Difference in checksum calculations.

  • All,
    Thank you for looking into my question. I am facing an issue with difference in checksum calculations for the same data between an on-prem SQL Server 2016 and the Azure version. 

    Here is the scenario. 

    I have an on-prem SQL 2016 database and a SQL Azure database.  The schema is exactly the same between these two databases.  I updated the Azure database using the SQL 2016 as the source.  

    After updating, I was expecting the checksum calculation between the tables for the updated rows to be the same, but it is not.  

    Has anyone seen this issue before? 

    the source and destination has numeric and char datatypes only.

  • You need to anally check to be sure that your method of calculation of CHECKSUM is 100% identical in both environments, and that the data is 100% identical as well.   Please post both queries that do the CHECKSUM in each environment, and maybe someone here will see something that you didn't happen to see.  All of us occasionally need a 2nd set of eyes on something.

    Steve (aka sgmunson) 🙂 🙂 🙂
    Rent Servers for Income (picks and shovels strategy)

  • Thanks for the response. 

    Please find the query. I copied and pasted the same query in both the instances. 

    SELECT

    CONVERT(VARBINARY(32),HASHBYTES('SHA2_256',CONCAT([AGENCY_NUM],LTRIM(RTRIM([CARRIER_CODE])),[TS_D1],[EXT_FLAG],[FM_USERID],[TS_D2],[TOTAL_NUM_TXNS],[NUM_TXN],LTRIM(RTRIM([TXNS]))
    ))) AS Checksum

    This is the table definition. It is also same between source and destination.
       [AGENCY_NUM] [numeric](10, 0) NOT NULL,
        [CARRIER_CODE] [char](4) NOT NULL,
        [TS_D1] [numeric](19, 0) NOT NULL,
        [EXT_FLAG] [numeric](5, 0) NOT NULL,
        [FM_USERID] [numeric](5, 0) NULL,
        [TS_D2] [numeric](19, 0) NULL,
        [TOTAL_NUM_TXNS] [numeric](5, 0) NULL,
        [NUM_TXN] [numeric](5, 0) NULL,
        [TXNS] [varchar](4000) NULL,

  • Are you sure that the results of HASHBYTES will never exceed VARBINARY(32) ?   I've never used that function, so I have no idea what it does or how it works, beyond the obvious that it computes a hash value.

    Steve (aka sgmunson) 🙂 🙂 🙂
    Rent Servers for Income (picks and shovels strategy)

  • Now that I've looked that up, I'm thinking that your varchar(4000) column might be a pain point.   Any row with a couple thousand bytes in it is trouble for hashing without going to a larger hash value.   I'd be concerned about a higher shot at duplicate hashes at those kinds of lengths.   Have you tried using SHA2_512 and VARBINARY(64) ?

    Steve (aka sgmunson) 🙂 🙂 🙂
    Rent Servers for Income (picks and shovels strategy)

  • Yeah.
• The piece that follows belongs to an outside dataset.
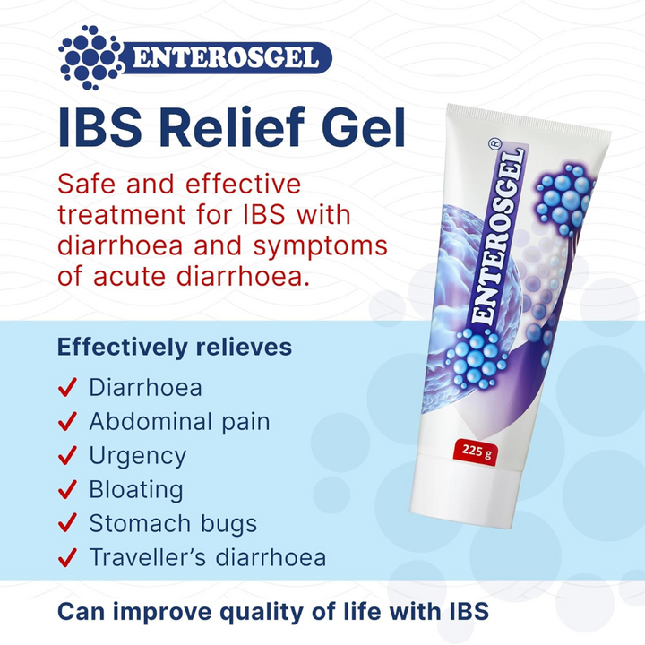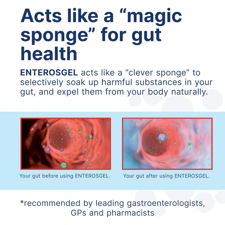 Enterosgel is indicated for the symptomatic treatment of acute diarrhoea and the treatment of Irritable bowel syndrome with diarrhoea. It captures some toxic and harmful substances in the gut (e.g. bacterial toxins), physically binding them to its surface, reducing stool frequency and duration of diarrhoea in acute or short term diarrhoea from gastroenteritis, tummy bugs or Traveller’s diarrhoea. Enterosgel relieves symptoms of diarrhoea, abdominal pain, bloating and urgency in IBS-D patients.

That column with 4000 bytes is the issue.  If I take that out, the checksum value matches between the instances.  I even tried the following, but still no luck. 

    CONVERT(VARBINARY(max),HASHBYTES('SHA2_512',CONCAT([AGENCY_NUM],LTRIM(RTRIM([CARRIER_CODE])),[TS_D1],[EXT_FLAG],[FM_USERID],[TS_D2],[TOTAL_NUM_TXNS],[NUM_TXN],LTRIM(RTRIM([TXNS]))
    ))) AS Checksum

  • Honestly, a checksum value of only 64 bits for 4,000 bytes just isn't realistic or practical.   What is the business case for the checksum value?

    Steve (aka sgmunson) 🙂 🙂 🙂
    Rent Servers for Income (picks and shovels strategy)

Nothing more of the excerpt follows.